Expected human plasma samples were obtained from 49 patients diagnosed with CRC. In addition, a set of 92 control samples were obtained from patients who currently had no diagnosis of cancer (but may have other co-morbid or undiagnosed cancer). All samples were de-identified.
The age, sex, and cancer stage (where available) of each patient were taken for each sample. Plasma samples collected from each patient were stored at-80 ℃ and thawed prior to use. Table 13 provides a description of the study cohort showing the number of healthy and cancer samples (divided by stage, sex, and age) used for the CRC experiment.
Watch 13
Figure BDA0003971977860000831
Figure BDA0003971977860000841
The samples were processed and sequenced according to the methods described herein, in particular the method described in example 1. The methylated regions in table 12 are used exclusively to determine methylated CpG status between healthy and colorectal cancer individuals. For each region listed in column 1 of table 12, the threshold number of CpG sites shown in column 2 was used to define methylated fragments for analysis. The remaining fragments are classified as methylated if there are multiple CpG sites above the threshold; otherwise, these fragments are classified as unmethylated. To calculate the raw score for each sample, given by the number of methylated fragments in each sample that overlap the regions listed in table 12, these counts for each sample were summarized across regions. The raw scores for each sample were normalized to account for the coverage difference for each sample. The raw score for each sample is multiplied by a sample-specific scaling factor given by the total number of samples divided by the pre-specified target coverage level. These normalized and scaled methylation ratios are output as scores for each sample. Threshold scores were selected according to the desired specific targets from the training set. Samples were classified as positive or negative based on whether the scores of these samples exceeded this threshold. An ROC curve is generated by considering the grade of the sample with the score or considering a threshold value.
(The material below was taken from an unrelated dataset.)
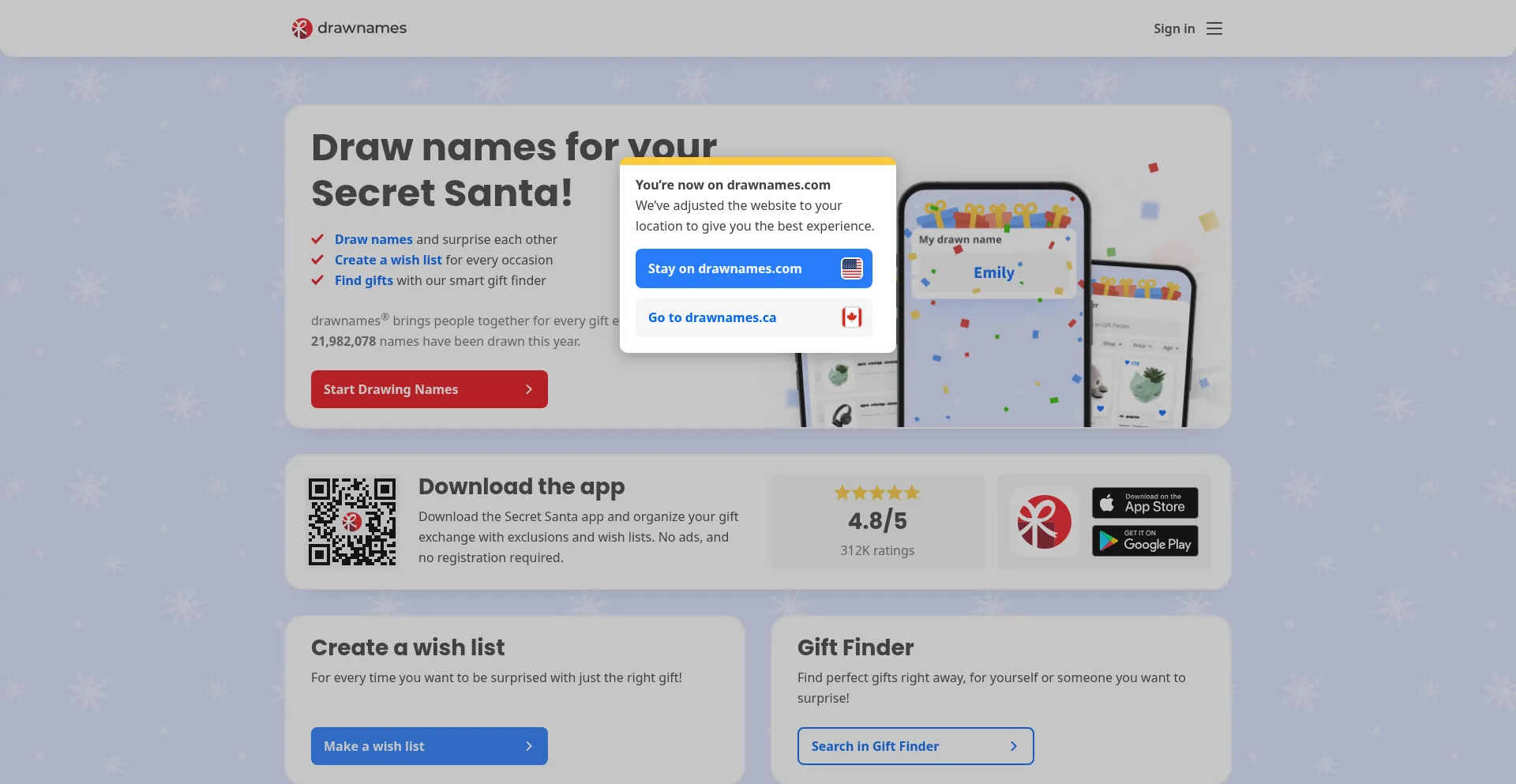 drawnames | Wish Lists, Secret Santa, Gift Finder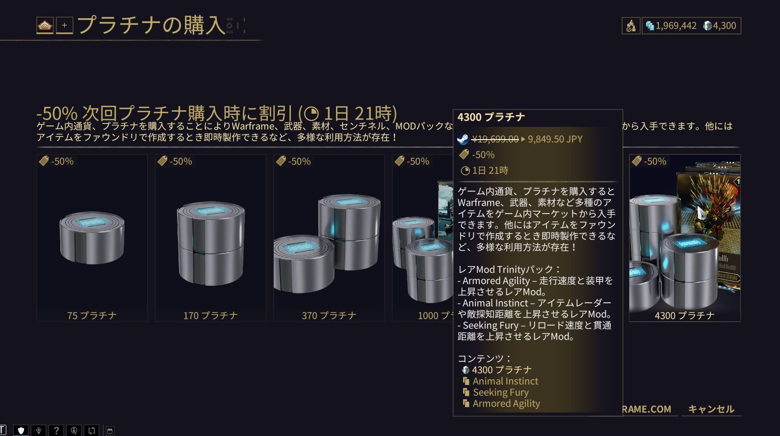 【Warframe】4300プラチナで何年遊べる?

The machine learning classification model was trained as described above and parameters were selected on an independently presented sample set. A machine-learned classification model was applied to the samples described in table 13. The healthy sample with the highest proportion of hypermethylated fragment counts was selected as the cutoff for classifying new samples as positive or negative. The area under the ROC curve (AUC) was calculated based on the training set using the rank derived from normalized hypermethylated fragment counts. Sensitivity and specificity were calculated using the selected cut-off values. Confidence intervals for sensitivity and specificity were calculated using the cloner-Pearson confidence interval, and the confidence intervals for AUC were calculated using the method described by Fay, m, and Malinovsky, y., staticisics in Medicine 37 (27): 3991-4006 (2018), the contents of which are incorporated herein by reference.
The average area under the curve (AUC) for this method was 0.9488 (0.87-0.98), and the average sensitivity for IU samples was 70% (0.49-0.87) at 92% specificity (0.86-0.96) (FIG. 2).
Example 3: detection and individual classification of cell-free samples
Using the systems and methods of the present disclosure, predictive analysis is performed using artificial intelligence-based methods to analyze cfDNA data obtained from a subject to generate a diagnostic output for the subject having colorectal cancer.
A method of predicting an increased risk of developing or developing cancer is provided herein for asymptomatic patients, wherein a model trained from a signature panel of the process provided in example 1 is applied to the measured biomarker panel and clinical factors of age and gender are used to identify those patients having or developing an increased risk of colorectal cancer. In embodiments, this method and the inventive classifier model use input variables for biomarkers measured in a normal clinical range, wherein the colorectal cancer classifier model uses the age input variables and measurements from a panel of biomarkers from the patient to classify the patient into a category of increased risk when the output of the first classifier model is above a calculated threshold based on the number of methylated CpG sites within the region.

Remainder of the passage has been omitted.